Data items
-- Opening Marker --
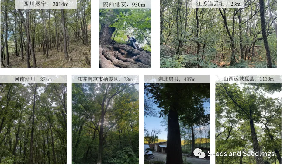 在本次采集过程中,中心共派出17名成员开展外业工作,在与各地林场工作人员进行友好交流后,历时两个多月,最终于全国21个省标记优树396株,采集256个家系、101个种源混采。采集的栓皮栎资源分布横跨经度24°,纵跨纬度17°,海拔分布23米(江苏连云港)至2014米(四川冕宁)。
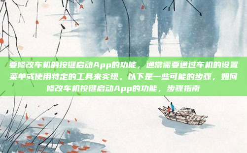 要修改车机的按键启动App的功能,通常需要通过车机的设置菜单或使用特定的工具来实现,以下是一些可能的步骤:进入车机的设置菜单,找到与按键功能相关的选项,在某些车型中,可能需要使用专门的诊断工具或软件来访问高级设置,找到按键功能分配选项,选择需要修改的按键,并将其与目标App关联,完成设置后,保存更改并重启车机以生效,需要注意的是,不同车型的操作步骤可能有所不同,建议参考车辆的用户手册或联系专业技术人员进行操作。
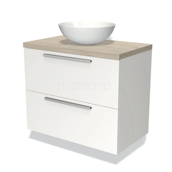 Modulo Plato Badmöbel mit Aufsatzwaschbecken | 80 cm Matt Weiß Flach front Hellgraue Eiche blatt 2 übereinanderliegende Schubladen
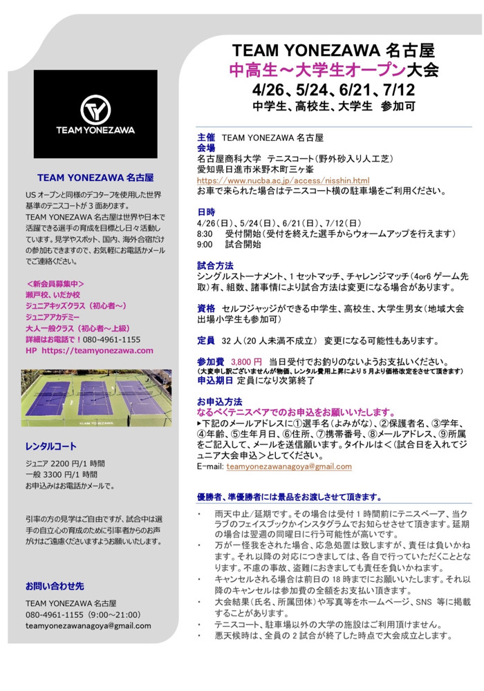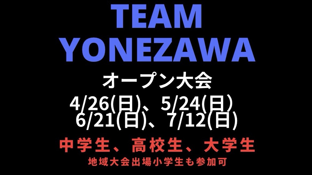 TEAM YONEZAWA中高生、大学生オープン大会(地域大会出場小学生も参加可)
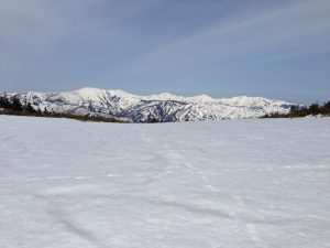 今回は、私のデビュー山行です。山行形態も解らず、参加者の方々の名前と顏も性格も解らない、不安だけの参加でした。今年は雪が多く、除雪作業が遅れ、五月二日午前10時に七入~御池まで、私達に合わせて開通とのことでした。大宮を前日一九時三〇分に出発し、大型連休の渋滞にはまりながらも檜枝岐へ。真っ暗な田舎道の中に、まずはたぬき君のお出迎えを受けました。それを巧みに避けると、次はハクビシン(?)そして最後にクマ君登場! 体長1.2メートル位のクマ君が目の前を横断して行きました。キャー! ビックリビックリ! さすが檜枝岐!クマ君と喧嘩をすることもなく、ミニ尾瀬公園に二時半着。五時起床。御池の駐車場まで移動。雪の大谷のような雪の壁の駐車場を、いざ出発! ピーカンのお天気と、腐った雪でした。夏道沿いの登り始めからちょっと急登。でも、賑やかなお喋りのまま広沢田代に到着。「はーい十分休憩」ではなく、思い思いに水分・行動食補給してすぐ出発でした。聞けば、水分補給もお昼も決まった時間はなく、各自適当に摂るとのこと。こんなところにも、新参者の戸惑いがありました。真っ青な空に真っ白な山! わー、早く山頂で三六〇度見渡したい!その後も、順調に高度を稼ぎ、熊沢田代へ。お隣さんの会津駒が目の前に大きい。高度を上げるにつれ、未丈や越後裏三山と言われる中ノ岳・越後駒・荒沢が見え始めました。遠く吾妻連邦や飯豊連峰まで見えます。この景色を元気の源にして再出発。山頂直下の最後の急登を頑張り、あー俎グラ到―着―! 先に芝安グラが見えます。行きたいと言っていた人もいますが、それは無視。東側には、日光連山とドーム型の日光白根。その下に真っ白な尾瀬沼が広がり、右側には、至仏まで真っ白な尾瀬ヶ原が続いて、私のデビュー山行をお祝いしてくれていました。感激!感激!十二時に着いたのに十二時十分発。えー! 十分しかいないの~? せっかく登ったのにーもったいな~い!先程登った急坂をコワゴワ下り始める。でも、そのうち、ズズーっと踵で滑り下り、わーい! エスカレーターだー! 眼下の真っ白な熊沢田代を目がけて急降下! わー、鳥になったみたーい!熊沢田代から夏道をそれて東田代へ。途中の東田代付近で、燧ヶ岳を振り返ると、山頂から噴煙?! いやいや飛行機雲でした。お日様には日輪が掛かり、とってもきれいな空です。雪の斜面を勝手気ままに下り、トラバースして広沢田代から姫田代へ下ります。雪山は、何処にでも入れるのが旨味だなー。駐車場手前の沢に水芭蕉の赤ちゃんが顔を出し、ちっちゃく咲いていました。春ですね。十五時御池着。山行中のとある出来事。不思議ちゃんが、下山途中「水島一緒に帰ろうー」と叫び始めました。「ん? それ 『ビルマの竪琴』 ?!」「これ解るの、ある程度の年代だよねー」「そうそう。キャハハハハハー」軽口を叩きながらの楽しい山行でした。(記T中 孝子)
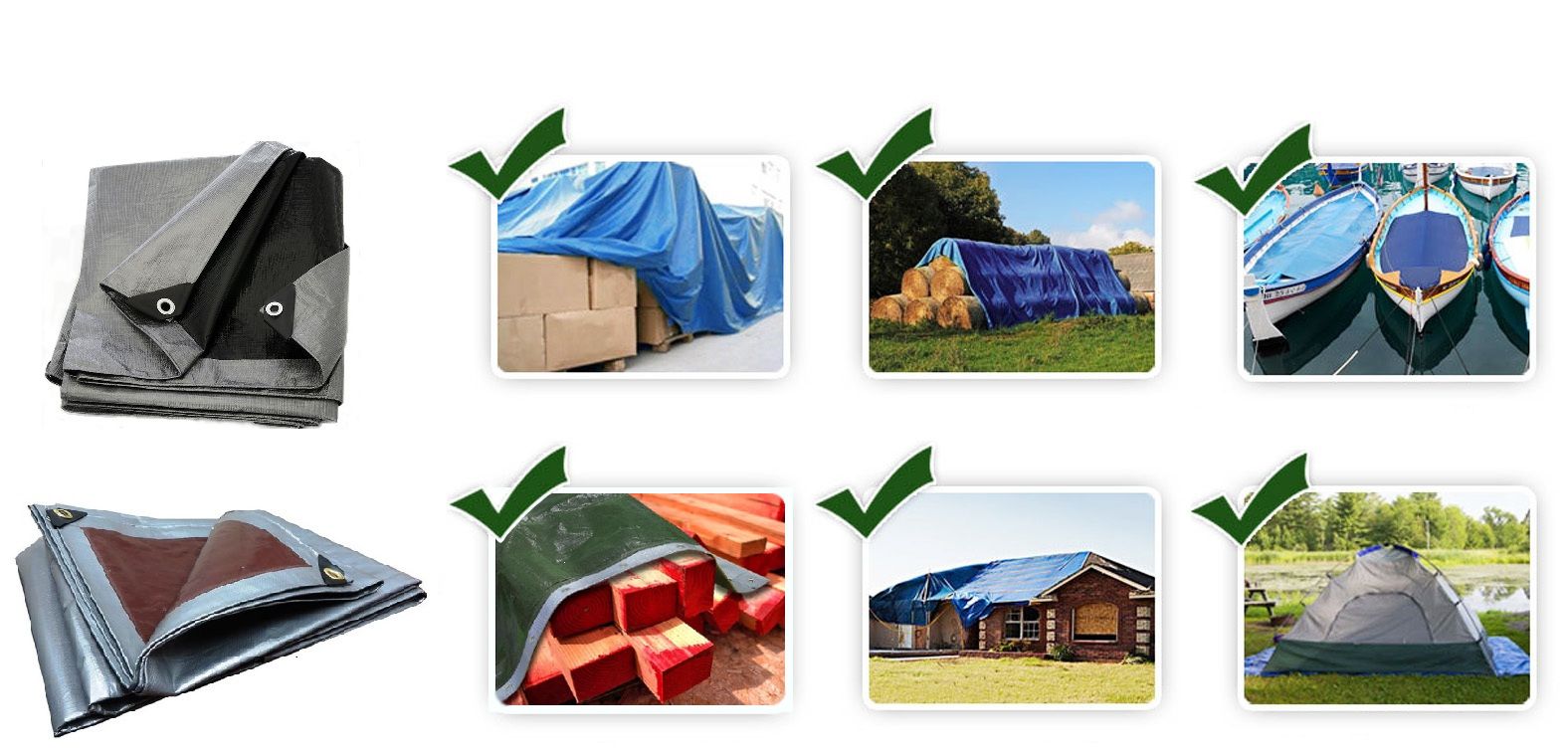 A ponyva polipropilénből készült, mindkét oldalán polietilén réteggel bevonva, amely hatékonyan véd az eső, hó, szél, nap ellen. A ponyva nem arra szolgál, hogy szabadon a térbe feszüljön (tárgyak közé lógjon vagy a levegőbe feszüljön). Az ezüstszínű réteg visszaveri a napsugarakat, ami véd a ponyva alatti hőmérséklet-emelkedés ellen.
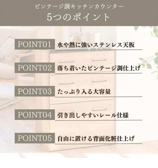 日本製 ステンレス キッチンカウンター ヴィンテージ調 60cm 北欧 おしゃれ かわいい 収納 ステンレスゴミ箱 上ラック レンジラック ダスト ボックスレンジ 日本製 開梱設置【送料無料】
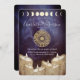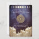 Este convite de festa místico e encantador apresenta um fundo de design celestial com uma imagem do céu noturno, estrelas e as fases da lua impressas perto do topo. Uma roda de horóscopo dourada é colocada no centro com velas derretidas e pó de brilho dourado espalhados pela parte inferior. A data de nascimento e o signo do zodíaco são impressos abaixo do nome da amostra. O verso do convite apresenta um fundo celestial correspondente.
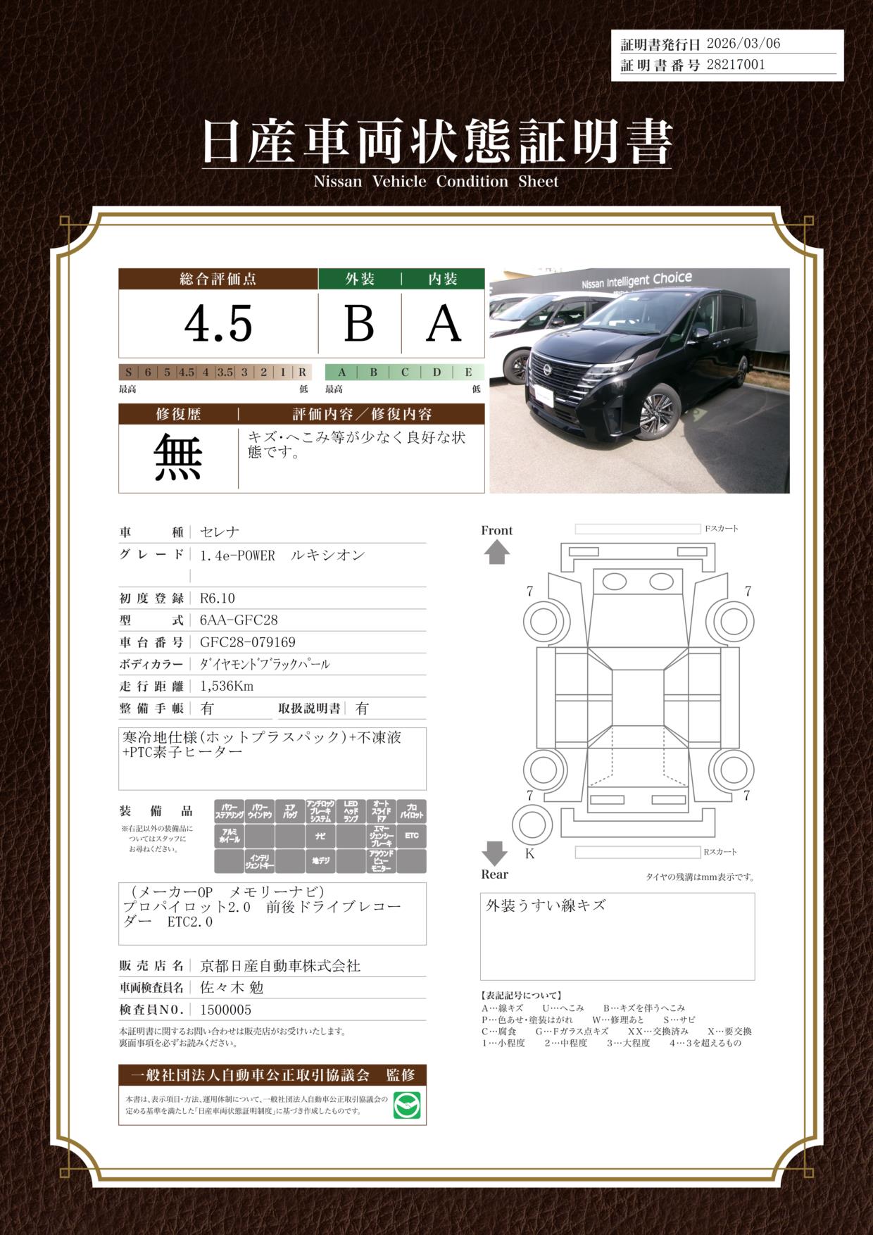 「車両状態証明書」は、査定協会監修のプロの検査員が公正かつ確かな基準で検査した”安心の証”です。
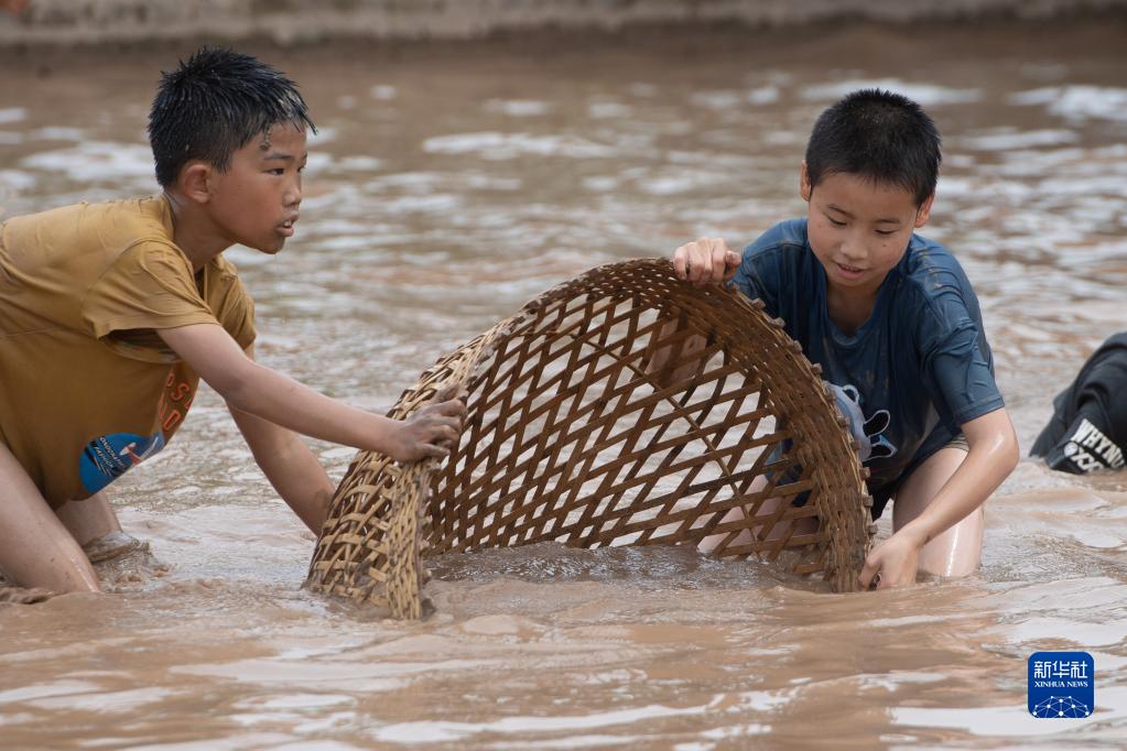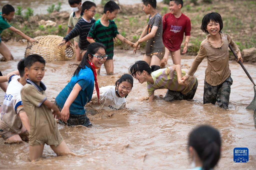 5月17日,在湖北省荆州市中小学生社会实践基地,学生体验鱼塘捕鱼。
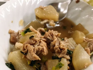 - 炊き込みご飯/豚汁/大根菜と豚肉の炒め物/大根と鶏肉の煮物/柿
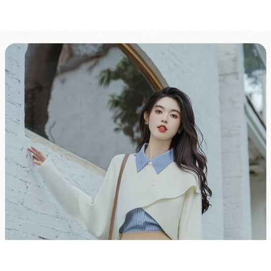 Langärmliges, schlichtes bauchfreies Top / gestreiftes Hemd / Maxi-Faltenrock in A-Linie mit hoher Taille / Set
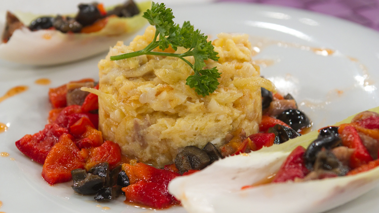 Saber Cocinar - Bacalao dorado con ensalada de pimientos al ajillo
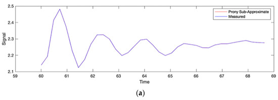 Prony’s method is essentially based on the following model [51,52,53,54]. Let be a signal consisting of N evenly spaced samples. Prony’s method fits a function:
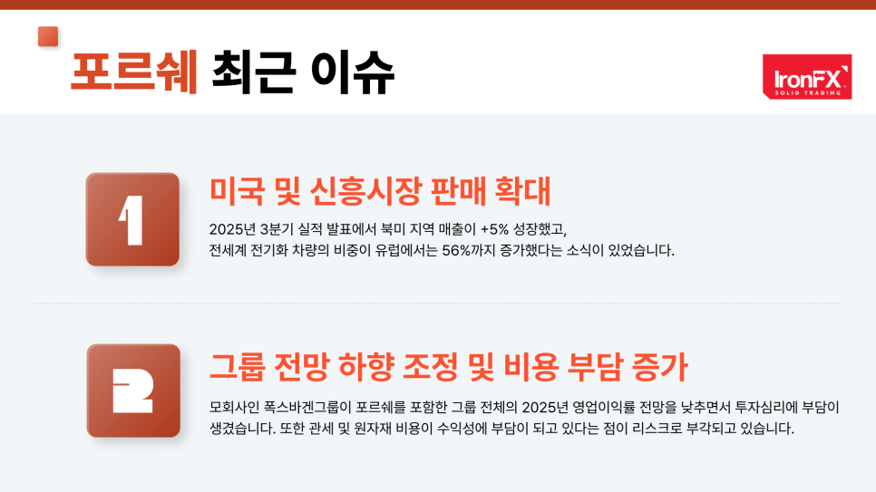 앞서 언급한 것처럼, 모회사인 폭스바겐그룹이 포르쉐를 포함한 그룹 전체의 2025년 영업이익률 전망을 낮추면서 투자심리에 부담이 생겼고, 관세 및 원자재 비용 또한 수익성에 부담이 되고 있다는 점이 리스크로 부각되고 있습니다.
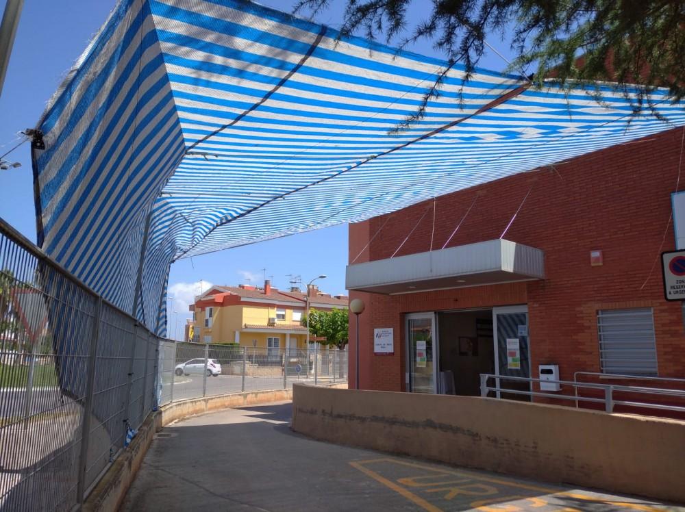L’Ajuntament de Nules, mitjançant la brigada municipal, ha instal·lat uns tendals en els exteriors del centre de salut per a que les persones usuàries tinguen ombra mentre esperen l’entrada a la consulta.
-- Closing Marker --
**Work instruction**
Retype the records above word for word, from their first line through the line containing "要修改车机的按键启动App的", and leave out every picture.

**Worked solution**
 在本次采集过程中,中心共派出17名成员开展外业工作,在与各地林场工作人员进行友好交流后,历时两个多月,最终于全国21个省标记优树396株,采集256个家系、101个种源混采。采集的栓皮栎资源分布横跨经度24°,纵跨纬度17°,海拔分布23米(江苏连云港)至2014米(四川冕宁)。
 要修改车机的按键启动App的功能,通常需要通过车机的设置菜单或使用特定的工具来实现,以下是一些可能的步骤:进入车机的设置菜单,找到与按键功能相关的选项,在某些车型中,可能需要使用专门的诊断工具或软件来访问高级设置,找到按键功能分配选项,选择需要修改的按键,并将其与目标App关联,完成设置后,保存更改并重启车机以生效,需要注意的是,不同车型的操作步骤可能有所不同,建议参考车辆的用户手册或联系专业技术人员进行操作。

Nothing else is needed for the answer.